- _What is required_: Would you retype the listing below word for word, without any of its pictures?

- _Recorded data_:
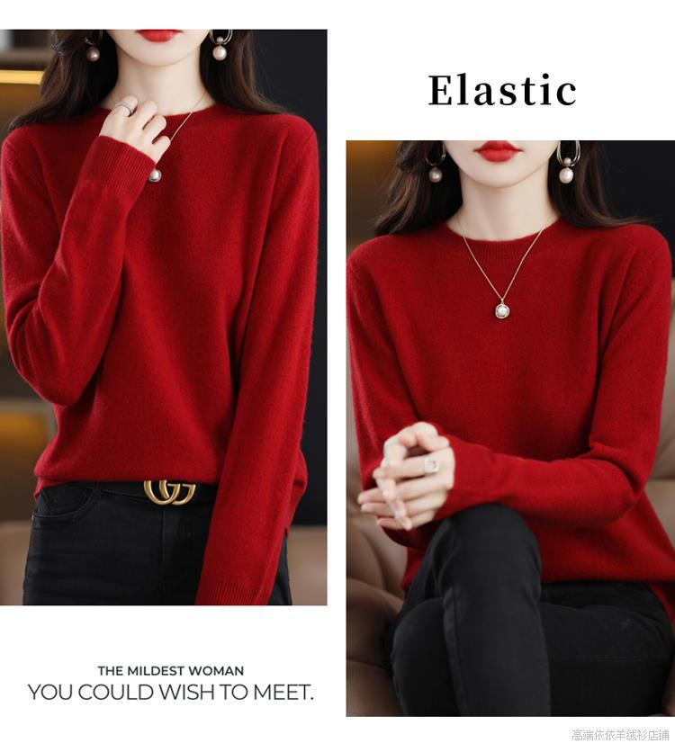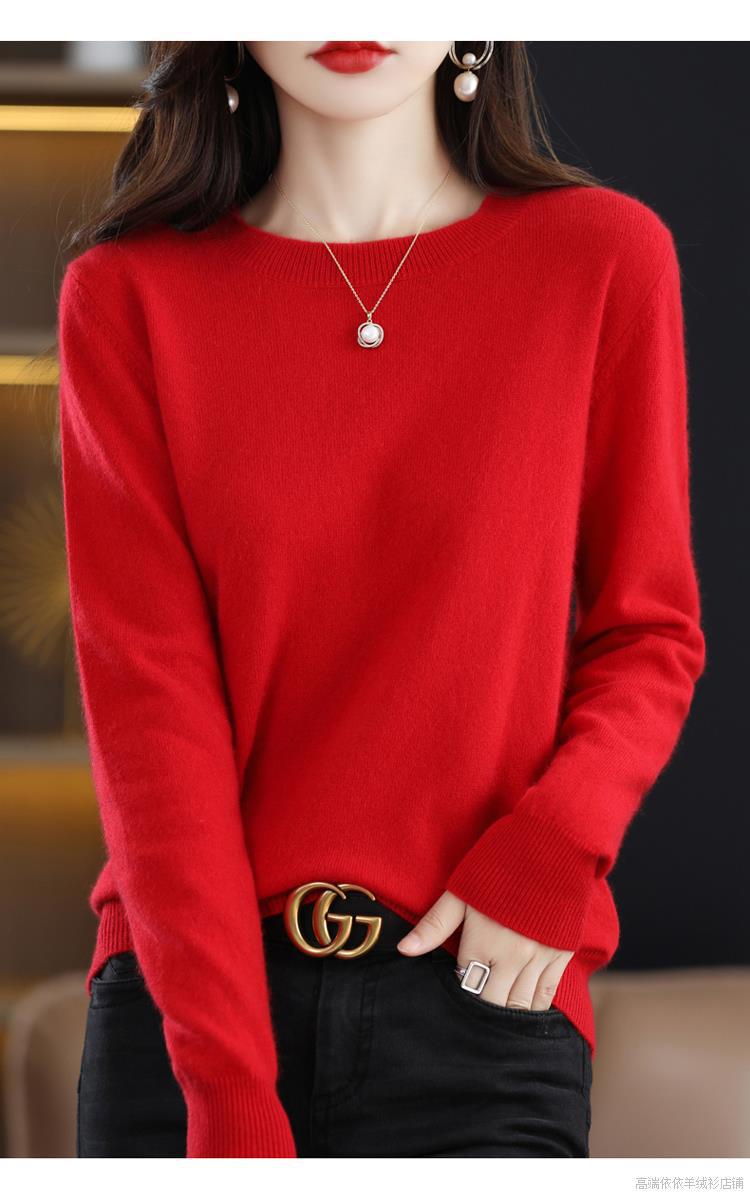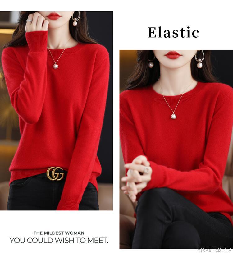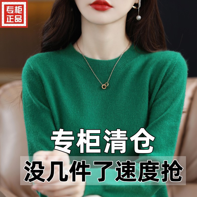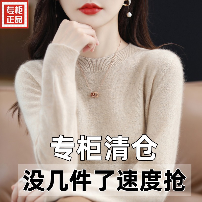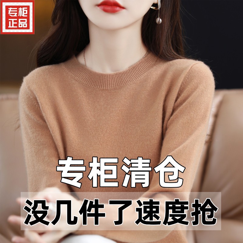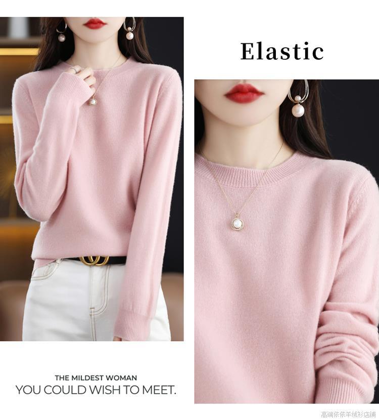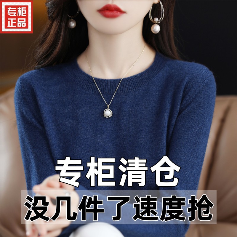2025年春秋新款纯色羊毛衫女圆领毛衣宽松百搭大尺码针织打底羊绒스토어 가기
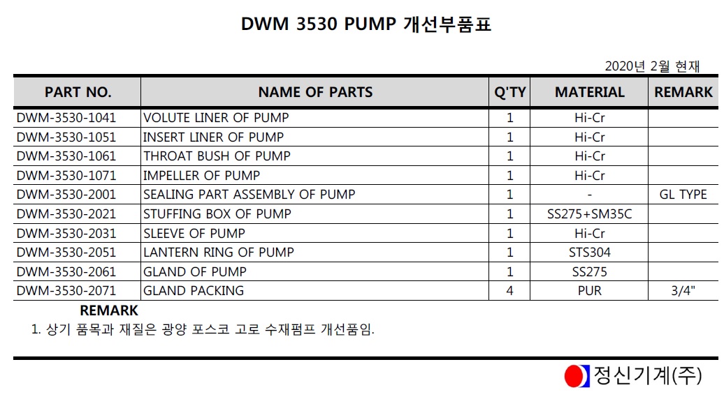 DWM 3530 PUMP 개선부품표
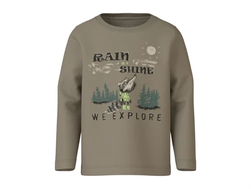 Langærmet top i farven weathered teak med 'we explore' print tema fra Name It.

- _Your response_:
2025年春秋新款纯色羊毛衫女圆领毛衣宽松百搭大尺码针织打底羊绒스토어 가기
 DWM 3530 PUMP 개선부품표
 Langærmet top i farven weathered teak med 'we explore' print tema fra Name It.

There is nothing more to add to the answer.